Geocaching z urządzeniem GPS na Białorusi?

8

Znalazłem ludzi mówiących na forach geocachingowych, że urządzenia GPS nie są legalne (lub stanowią problem) na Białorusi. Dlatego zaleca się buforowanie za pomocą smartfona. Ale takie fora są dość problematyczne jako źródło informacji.

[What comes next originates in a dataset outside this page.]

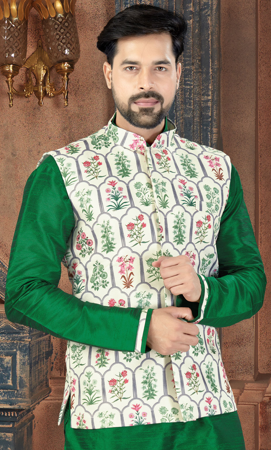 in Green with Digital Print work

Czy są jakieś potencjalne problemy prawne z geocachingiem na Białorusi?

Czy chodzenie z urządzeniem GPS wzbudzi podejrzenia, że ​​jestem szpiegiem?

Czy też nawigacja GPS jest uważana przez Milicję za normalną działalność turystyczną i są do tego przyzwyczajeni i nawet nie zawracają mi głowy sprawdzaniem?

Żeglarz naddunajski
źródło
Podczas geocaching nie chodzi tylko o urządzenie GPS. Często robisz bardzo podejrzane rzeczy (mam nadzieję, że nie wyglądasz podejrzanie :-) Zrobiłem rzeczy w Wielkiej Brytanii, których nie rozważałbym na Białorusi za milion lat.
gnasher729,
Niektórzy geocacherowie zostali przesłuchani przez specjalne bezpieczeństwo w Gruzji, na tej samej skrzynce, którą zrobiłem w ogrodzie botanicznym w Tbilisi. Ponieważ skrytka była blisko (około pół kilometra) od miejsca zamieszkania premiera. Pamięć podręczna była regularna. Dość mała jak na potencjalną bombę atomową: D
Żeglarz z Dunaju

Odpowiedzi:

5

Znaczna część byłego ZSRR jest, przynajmniej na papierze, dość niespokojna w używaniu urządzeń GPS; w 1997 r. w Rosji była dobrze nagłośniona sprawa, w której amerykański inżynier został (krótko) uwięziony za przypadkowe użycie jednego w pobliżu obszaru wojskowego.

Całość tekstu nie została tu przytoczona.